No enfoque do controle social compartilhado entre o Estado e a sociedade civil o continuum da participação traduz uma escala incremental que tem o potencial de ampliar a eficácia política do controle social compartilhado entre representantes do governo e da

sociedade civil organizada, na medida em que refletem no aumento dos níveis de autonomia dos cidadãos.

Os representantes exercem o poder de maneira bilateral com base em regras institucionalizadas e critérios de congruência em favor dos representados. Há conexões e articulações permanentes entre a autoridade que representa e os representados por meio de processos de accountability.

Nesse continuum a participação política no processo decisório ocorre dentro de três níveis: colaboração, deliberação e transformação.

Na colaboração a participação é periférica e se dá no nível expressivo-simbólico.

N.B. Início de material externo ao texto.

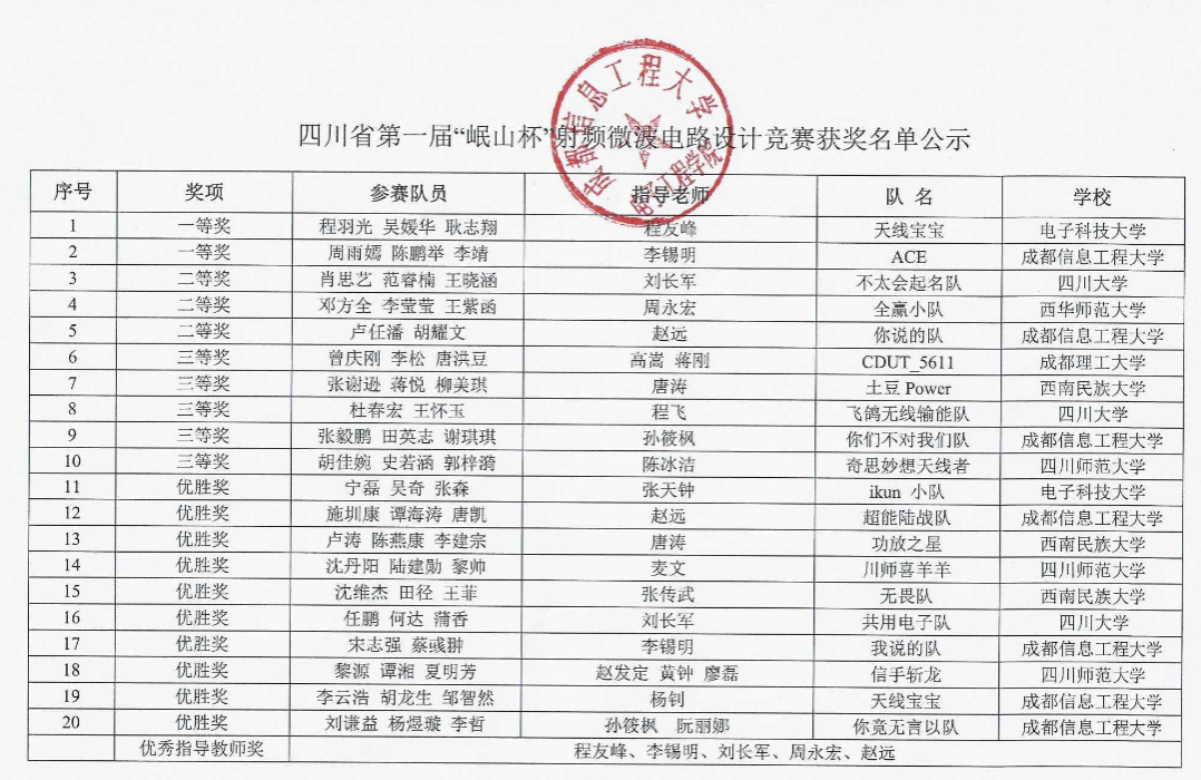 四川省第一届“岷山杯”射频微波电路设计竞赛决赛在我校圆满落幕。经决赛答辩和专家评议,本次竞赛最终评选出了一等奖2组,二等奖3组,三等奖5组,优胜奖10组,共计20支队伍获奖,优秀指导教师奖5名。现将获奖名单予以公示:

Neste nível de participação ocorre a expressão de sentimentos, identidades e demandas específicas dos diversos participantes que se fazem presentes na cena política para serem vistos e ouvidos. No entanto, o participante não decide, mesmo que possa manifestar suas preferências e escolhas. Ele apenas recebe informações e é consultado sobre assuntos que serão objetos de decisão. Pode também exercer o acompanhamento e fiscalização da implementação das decisões.

A deliberação caracteriza-se por uma efetiva redistribuição do poder. Neste caso, a participação requer o debate levando em consideração os diferentes pontos de vista dos participantes com a definição de prioridades. A decisão emerge de um processo de intervenção organizada em que a informação é interpretada individual e coletivamente por meio do diálogo entre os diferentes participantes. A informação é importante para a compreensão dos problemas, reflexão e interligações com outros problemas. Há o reconhecimento de que os participantes têm conhecimentos e competências que os autorizam a tomar decisões com o apoio técnico da gestão.

Na transformação a participação se revela como um processo de aprendizagem individual e coletiva que resulta da avaliação periódica das decisões tomadas e seus resultados. Como decorrência, além de se sustentarem na racionalidade técnico-burocrática, as opiniões dos participantes tendem a ser informadas pela reflexão permanente que possibilita a geração de decisões mais inteligentes. Este nível de participação pode ser visto como uma “escola política” que envolve formação de uma cultura política composta de valores democráticos que possibilitam assimilar uma multiplicidade de interesses e motivar decisões transformadoras voltadas ao interesse público (PATEMAN, 1992).